- Television screenshot of the accident—Antena 3

Details
- Date: August 14, 2009 14:10 (UTC+3)
- Location: near Railway station in Scânteia, Iași County
- Coordinates: 46°55′17″N 27°34′07″E﻿ / ﻿46.921486°N 27.568517°E
- Country: Romania

Statistics
- Deaths: 14
- Injured: 2

= Scânteia train accident =

2009 railway incident in Romania

The Scânteia train accident occurred on August 14, 2009, at 14:10 local time (UTC+3), when at least 14 people were killed in a collision between a minibus and a train in Scânteia, Iași County, Romania, on County Road 248C. The death toll was initially reported as 10. It was the worst accident in Romania in fifteen years.

==Accident==

The location of Iași County in Romania

A minibus carrying 16 people was struck by a train at a railway crossing in Iași County, near the town of Scânteia. According to the Under-Secretary of State for Health, Raed Arafat, 14 people were killed, including the driver and a child, while three others were seriously injured. The minibus, which was hit in the middle, was pushed approximately 350 meters to Scânteia train station.. The train stopped about 350 meters after the impact. Train traffic in the region came to a standstill for a time.
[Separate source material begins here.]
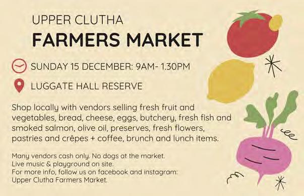 Indoor market, Lake Hawea Community Centre, 10.00am3.00pm, free entry. Co ee, tea, cakes available to purchase. Nine Lessons and Carols at St Columba’s Church, 7.00pm. Everyone welcome.

The train involved in the accident was operated by private rail company Regiotrans and ran between Iași and Brașov.

==Victims==
All of those dead and injured were on the bus; the train passengers were unhurt. According to sources cited, some of the passengers were thrown out the vehicle following the impact, while others remained trapped in the minibus. The bus driver, whose age was variously reported as 21 or 26, and the other injured persons were reported to be in a state of traumatic coma.

==Cause==
According to the Iași police, the accident occurred because the minibus driver failed to comply with light signals and signs at the railway crossing. The driver died two days later after sustaining fatal injuries.